Recently, I found myself growing more and more attracted to this person until it came to the point where I confessed that I liked her and asked her out on a date. 
 

She was surprised and said she had never really seen me like that before but that she would think about it. 
 

A few days later she said she still wasn’t sure if she saw me as anything more than a friend but that she was willing to go on a date and see where things went.

We went on a date later that week and I thought it went really well. We both agreed that we had a really nice time but when I asked her if she would like to go on another date sometime, she again told me she would need some time to think about it.

Eventually, she told me that while she had a great time and really tried to picture the two of us together since we share a lot of interests, goals, and get along well, the spark just wasn’t there for her and she doesn’t think she sees us as being anything more than friends. 
 

My question is.

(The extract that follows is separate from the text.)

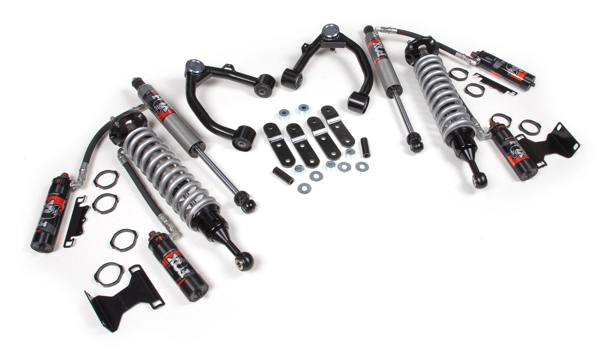 Elevate your Toyota Tundra to new heights of performance and capability with the 3-inch Lift Kit featuring BDS Upper Control Arms and Fox Performance Elite Shocks. Engineered specifically for the Toyota Tundra, this kit is your ticket to conquering off-road terrain with confidence and style. BDS Upper Control Arms are meticulously designed to maintain optimal suspension geometry, ensuring smooth operation and enhanced wheel travel. Crafted from heavy-duty materials, they provide unmatched strength and durability, crucial for withstanding the rigors of off-road driving. Paired with Fox Performance Elite Shocks, renowned for their precision engineering and race-proven performance, this kit delivers unparalleled handling and comfort. Experience superior damping control and reduced body roll, allowing you to navigate rough trails and uneven surfaces with ease. Beyond performance, this lift kit enhances the Tundra's appearance with a commanding stance and increased ground clearance. It accommodates larger tires, further boosting traction and off-road capability while maintaining factory ride quality. Whether you're exploring remote trails or simply navigating urban streets, the 3-inch Lift Kit with BDS Upper Control Arms and Fox Performance Elite Shocks transforms your Toyota Tundra into a formidable off-road machine. Upgrade today and discover a new level of adventure and reliability on every journey.
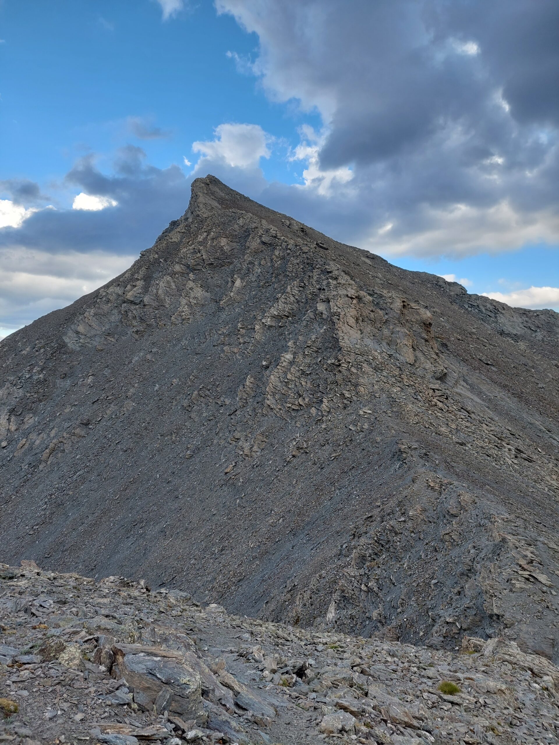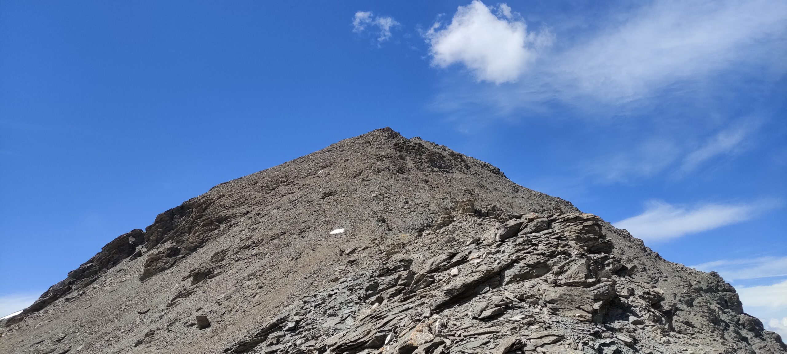 Si supera un colletto con una breve fascia di terriccio, prima di approdare ad una nuova conca pietrosa, dalla quale finalmente appare vicino il colle del Pelvo.

Was this outcome inevitable? Or could there have been a chance for a different one if I had escalated things physically during the date? For example kissing her at the end. (Upon reflection i feel like if I had tried there’s a chance she may have let me, we had a really nice date). 
 

I’m just thinking, because I got to know this girl in the context of friends and initially portrayed myself off as that, did I mess up by not escalating things during our date so that she could potentially view me in a different light? Or am I just reading into this and she was never really going to see me as more than a friend anyways because I already friend zoned my self?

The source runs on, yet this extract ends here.